* DATA SHOWN:
==================================================

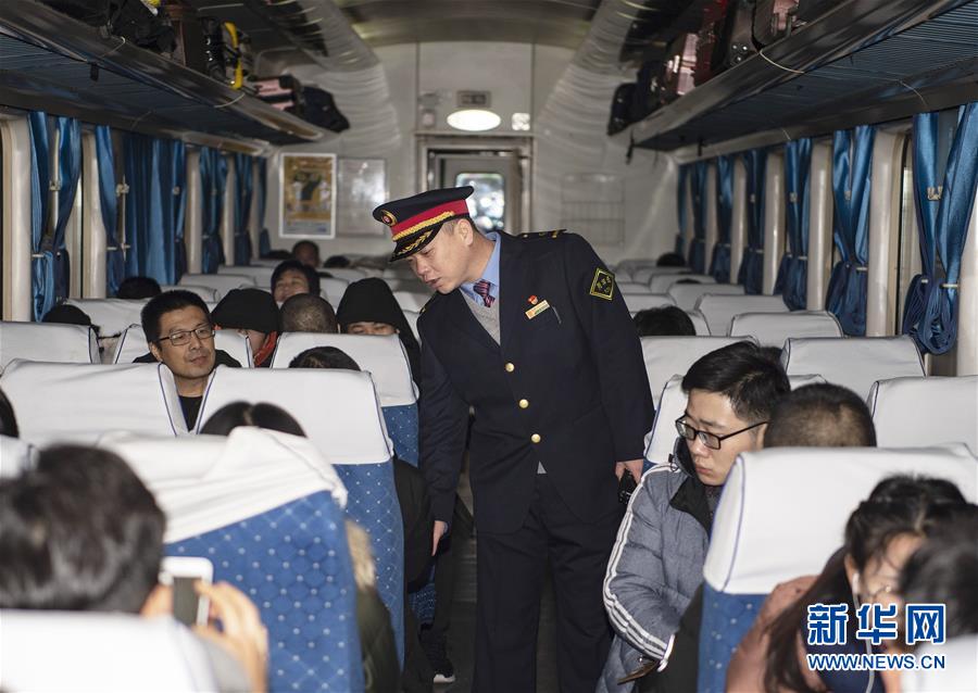1月11日,在太原開往青島北的K884次列車上,列車長(zhǎng)趙耀在檢查車廂衛(wèi)生情況。新華社記者 楊晨光 攝
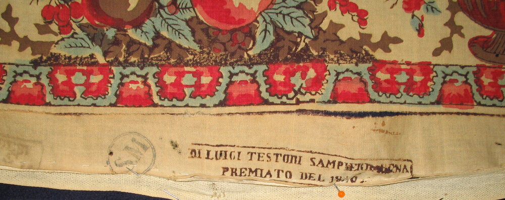 Il mezzaro è una produzione della manifattura Luigi Testori di Genova Sampierdarena, come attesta il marchio di fabbrica impresso su un
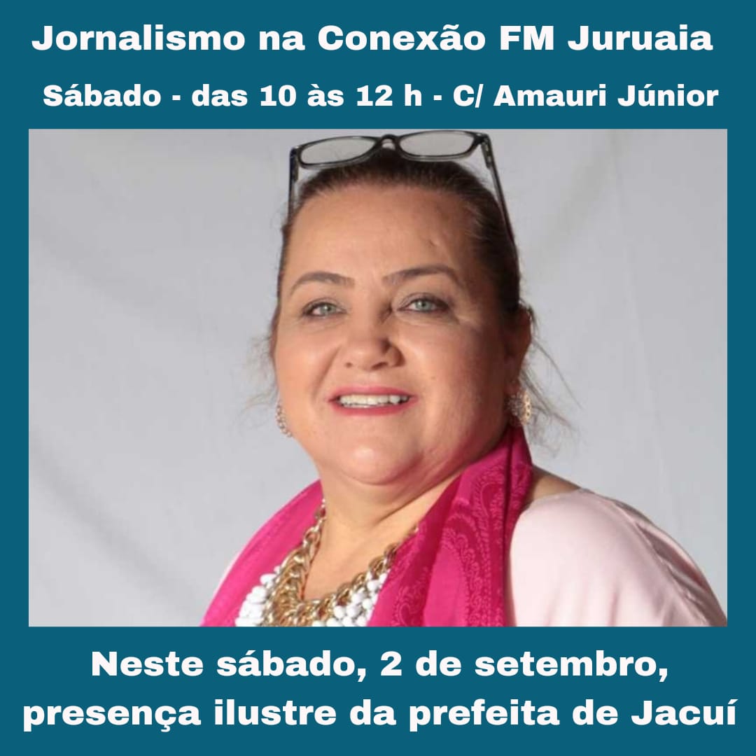 A partir das 10 horas, um programa especial com a prefeita de Jacuí, Maria Conceição dos Reis Pereira, a “Professora Di”. As ações da administração municipal, equipe de governo e conquistas mais recentes. A importância da eduação para a formação de uma sociedade.
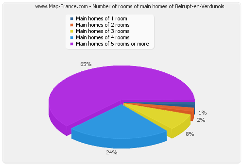 - Number of main homes of Belrupt-en-Verdunois of 1 room : 2 - Number of main homes of Belrupt-en-Verdunois of 2 rooms : 3 - Number of main homes of Belrupt-en-Verdunois of 3 rooms : 14 - Number of main homes of Belrupt-en-Verdunois of 4 rooms : 14 - Number of main homes of Belrupt-en-Verdunois of 5 rooms and more : 114 |
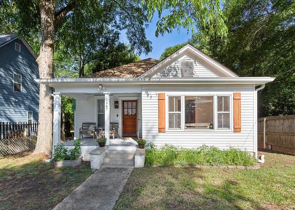 Welcome to 2867 Cheney St, a stunning blend of 1920s charm and modern upgrades in convenient East Point, Georgia! This 3 bedroom, 2 bath beautifully restored home boasts a wealth of character with its 1920s-inspired architectural features, including original chandeliers in the dining room and kitchen that add a touch of timeless elegance. The home offers more than just elegant details, it's also a versatile living space designed for comfort and functionality. The floor plan includes a separate office off of the middle bedroom, as well as an East-facing sunroom that's perfect for green thumbs or morning yoga. The gorgeous, refinished original wood floors flow seamlessly throughout most of the home, perfectly complementing the updated interior with its crisp paint scheme that enhances every room, both inside and out. The completely renovated front bathroom showcases meticulous attention to detail, while all-new doors throughout most of the house provide a polished finish to every space. The heart of the home, the kitchen, has been fully renovated with modern amenities and stylish finishes, butcher block countertops and a farmhouse sink, making it a chef's delight. Outside, a large backyard with a spacious shed, offers ample space for outdoor gatherings and relaxation. Convenient to Hartsfield-Jackson International Airport, MARTA, shops, restaurants and a quick drive to downtown Atlanta, 2867 Cheney is close to everything without losing its unique small-town feel. Don't miss your opportunity to make this exceptional home your own. Schedule a showing today!
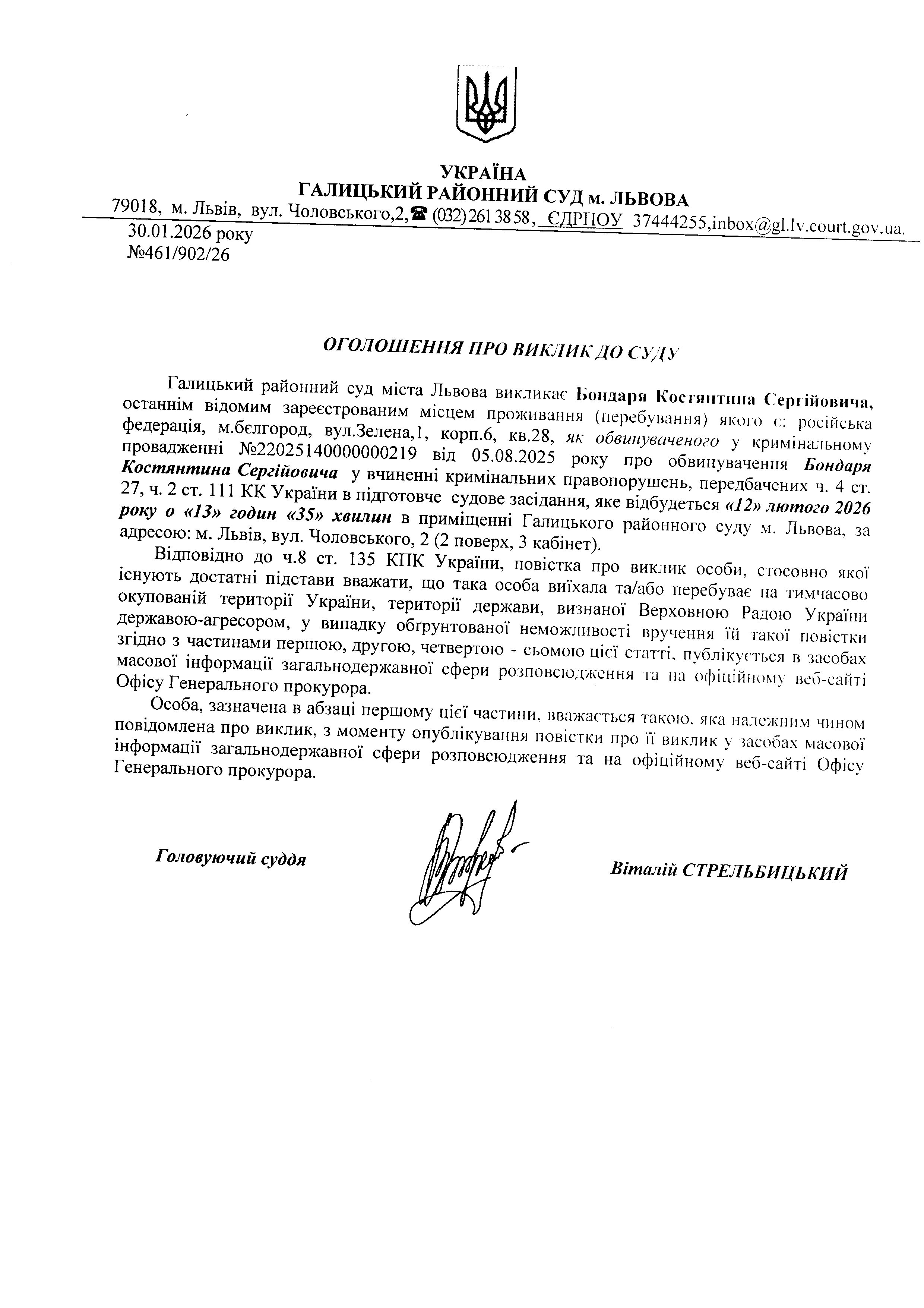оголошення про виклик Бондаря К.С.
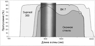 Основными материалами являются кристаллический кварц и кварцевое стекло - различные формы оксида кремния (SiO>2>). В кварцевом стекле оксид кремния находится в аморфной форме и поэтому он не растрескивается при резком перепаде температур, как кристаллический кварц, имеет чрезвычайно низкий коэффициент температурного расширения и теплопроводности. В отличие от обычного стекла, которое состоит из смеси различных компонент, кварцевое стекло состоит только из оксида кремния, а количество примесей других химических элементов чрезвычайно мало. Это приводит к тому, что кварцевое стекло обладает широким спектром пропускания (через стёкла из кварца можно даже загорать), малым поглощением света (обычное оконное стекло поглощает столько же света, сколько и кварцевое стекло толщиной в 100 метров), высокой оптической гомогенностью (однородностью), стойкостью к ионизирующим излучениям и лазерному излучению высокой интенсивности, низким коэффициентом температурного расширения (примерно в 20 раз меньше по сравнению с обычным стеклом), высокой рабочей температурой (более 1200 оС, что в 4 раза больше, чем для обычного стекла). Спектр оптического пропускания синтетического кварцевого стекла Suprasil 300, оптического стекла BK 7 и обычного стекла представлены на рис.5. Спектр видимого света лежит примерно в пределах от 380 нм до 760 нм.

==================================================

* PROMPT: Reprint all the data above verbatim, excluding pictures.

* EXERCISE RESULT:
1月11日,在太原開往青島北的K884次列車上,列車長(zhǎng)趙耀在檢查車廂衛(wèi)生情況。新華社記者 楊晨光 攝
 Il mezzaro è una produzione della manifattura Luigi Testori di Genova Sampierdarena, come attesta il marchio di fabbrica impresso su un
 A partir das 10 horas, um programa especial com a prefeita de Jacuí, Maria Conceição dos Reis Pereira, a “Professora Di”. As ações da administração municipal, equipe de governo e conquistas mais recentes. A importância da eduação para a formação de uma sociedade.
 - Number of main homes of Belrupt-en-Verdunois of 1 room : 2 - Number of main homes of Belrupt-en-Verdunois of 2 rooms : 3 - Number of main homes of Belrupt-en-Verdunois of 3 rooms : 14 - Number of main homes of Belrupt-en-Verdunois of 4 rooms : 14 - Number of main homes of Belrupt-en-Verdunois of 5 rooms and more : 114 |
 Welcome to 2867 Cheney St, a stunning blend of 1920s charm and modern upgrades in convenient East Point, Georgia! This 3 bedroom, 2 bath beautifully restored home boasts a wealth of character with its 1920s-inspired architectural features, including original chandeliers in the dining room and kitchen that add a touch of timeless elegance. The home offers more than just elegant details, it's also a versatile living space designed for comfort and functionality. The floor plan includes a separate office off of the middle bedroom, as well as an East-facing sunroom that's perfect for green thumbs or morning yoga. The gorgeous, refinished original wood floors flow seamlessly throughout most of the home, perfectly complementing the updated interior with its crisp paint scheme that enhances every room, both inside and out. The completely renovated front bathroom showcases meticulous attention to detail, while all-new doors throughout most of the house provide a polished finish to every space. The heart of the home, the kitchen, has been fully renovated with modern amenities and stylish finishes, butcher block countertops and a farmhouse sink, making it a chef's delight. Outside, a large backyard with a spacious shed, offers ample space for outdoor gatherings and relaxation. Convenient to Hartsfield-Jackson International Airport, MARTA, shops, restaurants and a quick drive to downtown Atlanta, 2867 Cheney is close to everything without losing its unique small-town feel. Don't miss your opportunity to make this exceptional home your own. Schedule a showing today!
оголошення про виклик Бондаря К.С.
 Основными материалами являются кристаллический кварц и кварцевое стекло - различные формы оксида кремния (SiO>2>). В кварцевом стекле оксид кремния находится в аморфной форме и поэтому он не растрескивается при резком перепаде температур, как кристаллический кварц, имеет чрезвычайно низкий коэффициент температурного расширения и теплопроводности. В отличие от обычного стекла, которое состоит из смеси различных компонент, кварцевое стекло состоит только из оксида кремния, а количество примесей других химических элементов чрезвычайно мало. Это приводит к тому, что кварцевое стекло обладает широким спектром пропускания (через стёкла из кварца можно даже загорать), малым поглощением света (обычное оконное стекло поглощает столько же света, сколько и кварцевое стекло толщиной в 100 метров), высокой оптической гомогенностью (однородностью), стойкостью к ионизирующим излучениям и лазерному излучению высокой интенсивности, низким коэффициентом температурного расширения (примерно в 20 раз меньше по сравнению с обычным стеклом), высокой рабочей температурой (более 1200 оС, что в 4 раза больше, чем для обычного стекла). Спектр оптического пропускания синтетического кварцевого стекла Suprasil 300, оптического стекла BK 7 и обычного стекла представлены на рис.5. Спектр видимого света лежит примерно в пределах от 380 нм до 760 нм.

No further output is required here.